◆ PROBLEM STATEMENT
Since the records include pictures, leave those out while you reproduce exactly and only the lines from the one containing "Luxurious Moon-Shaped Clutch, Sequin" through the one containing "WE ALSO SUPPLY BIODIESEL IN BULK", inclusive.

◆ EXERCISE INPUT
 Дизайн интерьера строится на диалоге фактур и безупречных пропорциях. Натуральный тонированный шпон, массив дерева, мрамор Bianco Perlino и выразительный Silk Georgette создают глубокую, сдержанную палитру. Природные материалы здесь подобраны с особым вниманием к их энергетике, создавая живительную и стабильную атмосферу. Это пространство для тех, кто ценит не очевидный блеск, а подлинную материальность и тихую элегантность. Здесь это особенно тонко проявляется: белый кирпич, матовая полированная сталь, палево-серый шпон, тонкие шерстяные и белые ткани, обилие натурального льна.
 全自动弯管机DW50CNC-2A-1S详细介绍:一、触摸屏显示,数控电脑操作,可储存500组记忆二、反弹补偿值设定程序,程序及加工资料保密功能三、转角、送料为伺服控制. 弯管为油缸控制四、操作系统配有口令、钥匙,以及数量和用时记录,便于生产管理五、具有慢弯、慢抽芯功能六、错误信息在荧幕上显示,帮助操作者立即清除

---

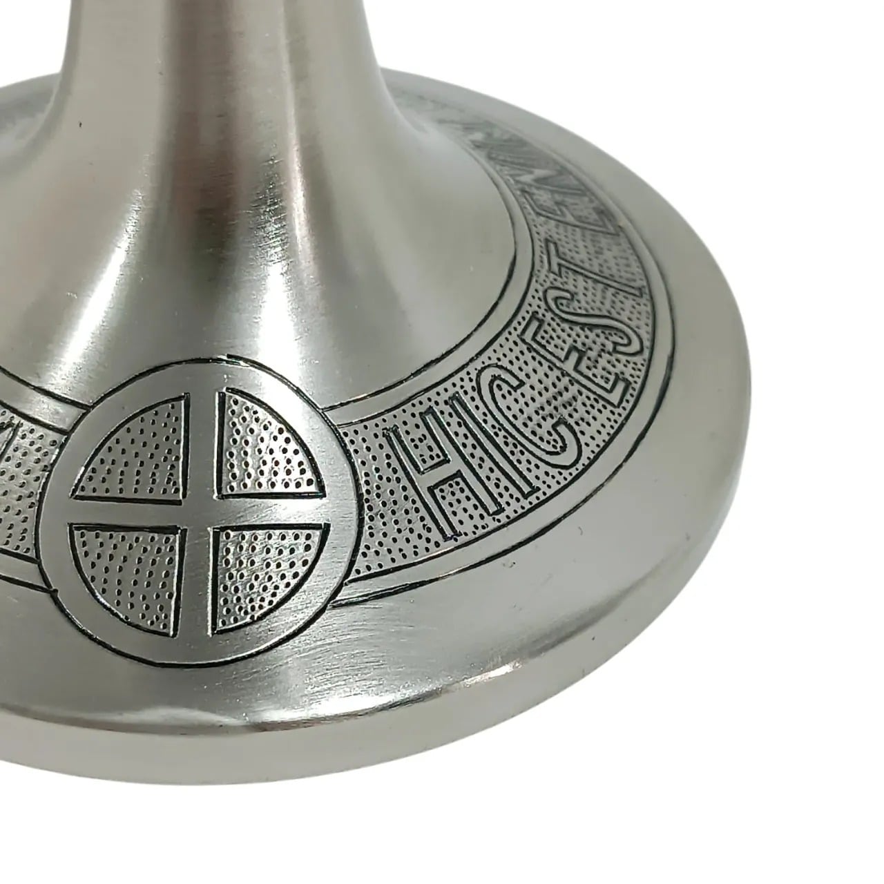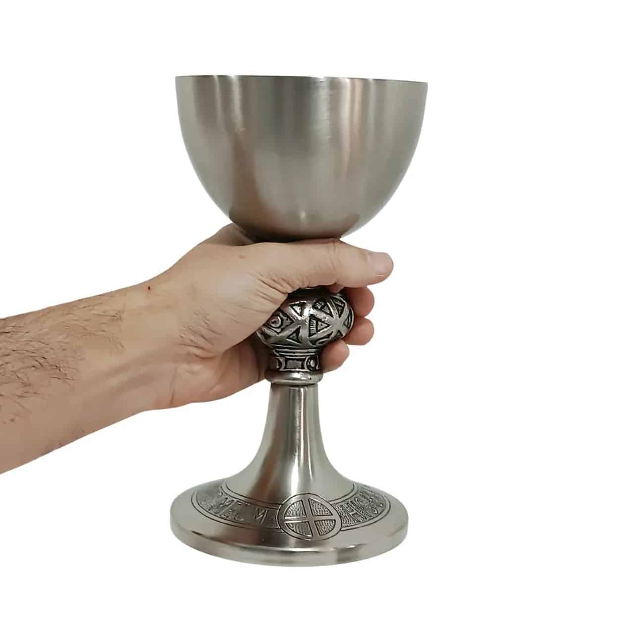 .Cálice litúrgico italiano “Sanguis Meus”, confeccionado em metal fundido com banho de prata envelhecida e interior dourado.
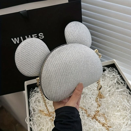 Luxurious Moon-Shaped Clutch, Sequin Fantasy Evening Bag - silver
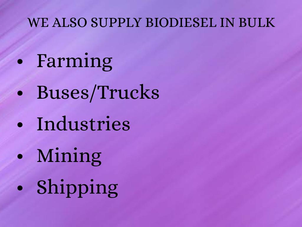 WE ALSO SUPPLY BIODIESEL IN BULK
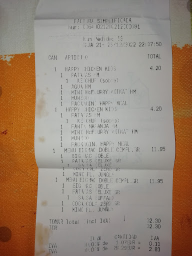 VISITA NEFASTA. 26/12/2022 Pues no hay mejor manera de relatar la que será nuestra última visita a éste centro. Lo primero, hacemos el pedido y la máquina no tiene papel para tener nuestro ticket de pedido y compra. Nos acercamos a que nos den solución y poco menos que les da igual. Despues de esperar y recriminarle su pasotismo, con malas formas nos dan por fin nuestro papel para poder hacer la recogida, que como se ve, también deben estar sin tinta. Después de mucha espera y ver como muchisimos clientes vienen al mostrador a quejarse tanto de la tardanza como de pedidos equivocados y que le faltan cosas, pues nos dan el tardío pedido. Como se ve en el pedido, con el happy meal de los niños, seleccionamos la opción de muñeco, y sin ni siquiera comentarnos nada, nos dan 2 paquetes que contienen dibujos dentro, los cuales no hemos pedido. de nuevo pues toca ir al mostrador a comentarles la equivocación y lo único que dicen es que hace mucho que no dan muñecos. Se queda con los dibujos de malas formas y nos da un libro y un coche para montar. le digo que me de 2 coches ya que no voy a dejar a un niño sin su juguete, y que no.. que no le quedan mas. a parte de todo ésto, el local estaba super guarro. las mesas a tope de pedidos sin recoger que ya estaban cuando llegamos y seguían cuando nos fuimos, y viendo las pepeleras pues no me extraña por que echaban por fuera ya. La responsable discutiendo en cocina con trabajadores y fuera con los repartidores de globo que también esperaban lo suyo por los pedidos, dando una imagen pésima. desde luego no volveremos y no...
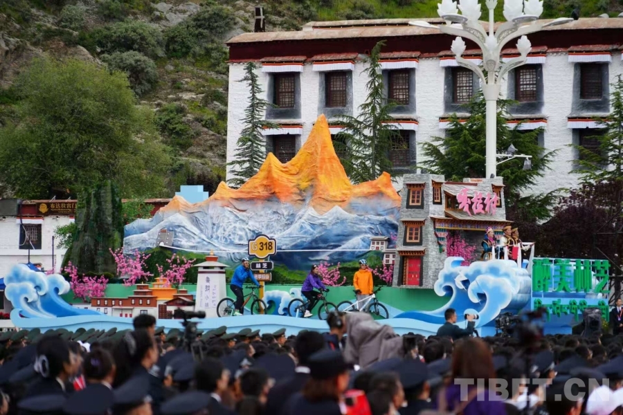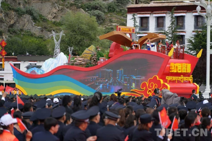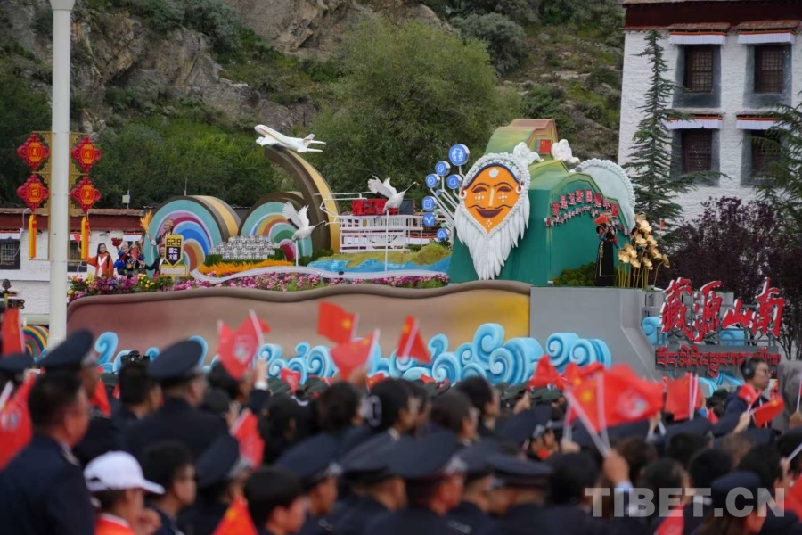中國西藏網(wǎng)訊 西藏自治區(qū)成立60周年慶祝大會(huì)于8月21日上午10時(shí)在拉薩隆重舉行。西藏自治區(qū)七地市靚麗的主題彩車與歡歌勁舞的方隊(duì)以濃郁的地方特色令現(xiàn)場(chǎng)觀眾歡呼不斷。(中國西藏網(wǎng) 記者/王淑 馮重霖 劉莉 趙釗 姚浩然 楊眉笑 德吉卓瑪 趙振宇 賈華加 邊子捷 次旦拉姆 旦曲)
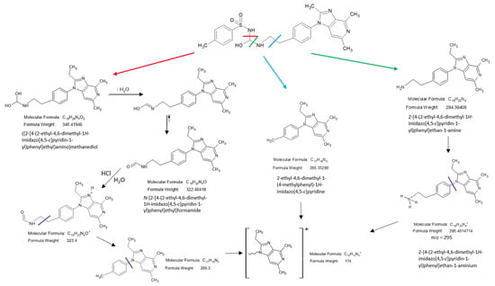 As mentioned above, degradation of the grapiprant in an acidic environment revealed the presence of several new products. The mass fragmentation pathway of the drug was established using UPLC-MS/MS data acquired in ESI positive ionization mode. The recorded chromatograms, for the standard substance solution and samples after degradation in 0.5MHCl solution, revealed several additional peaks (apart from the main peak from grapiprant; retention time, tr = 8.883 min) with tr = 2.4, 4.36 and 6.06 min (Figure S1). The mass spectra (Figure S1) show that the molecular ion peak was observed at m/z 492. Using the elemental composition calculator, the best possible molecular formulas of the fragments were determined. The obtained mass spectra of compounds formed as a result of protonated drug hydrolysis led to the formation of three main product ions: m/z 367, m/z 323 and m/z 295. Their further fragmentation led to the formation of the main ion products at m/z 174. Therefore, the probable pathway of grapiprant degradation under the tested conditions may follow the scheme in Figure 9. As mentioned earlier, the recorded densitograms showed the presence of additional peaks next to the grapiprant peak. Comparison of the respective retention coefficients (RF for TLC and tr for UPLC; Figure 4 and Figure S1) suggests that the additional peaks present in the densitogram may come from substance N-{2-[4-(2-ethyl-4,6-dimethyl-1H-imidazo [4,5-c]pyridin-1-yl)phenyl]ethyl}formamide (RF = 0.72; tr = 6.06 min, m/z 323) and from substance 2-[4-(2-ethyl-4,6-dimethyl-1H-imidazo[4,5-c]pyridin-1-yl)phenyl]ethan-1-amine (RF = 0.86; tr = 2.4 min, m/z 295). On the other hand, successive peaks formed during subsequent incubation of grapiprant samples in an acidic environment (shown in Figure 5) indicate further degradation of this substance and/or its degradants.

◆ SOLUTION FOR THIS PROBLEM
 Luxurious Moon-Shaped Clutch, Sequin Fantasy Evening Bag - silver
 WE ALSO SUPPLY BIODIESEL IN BULK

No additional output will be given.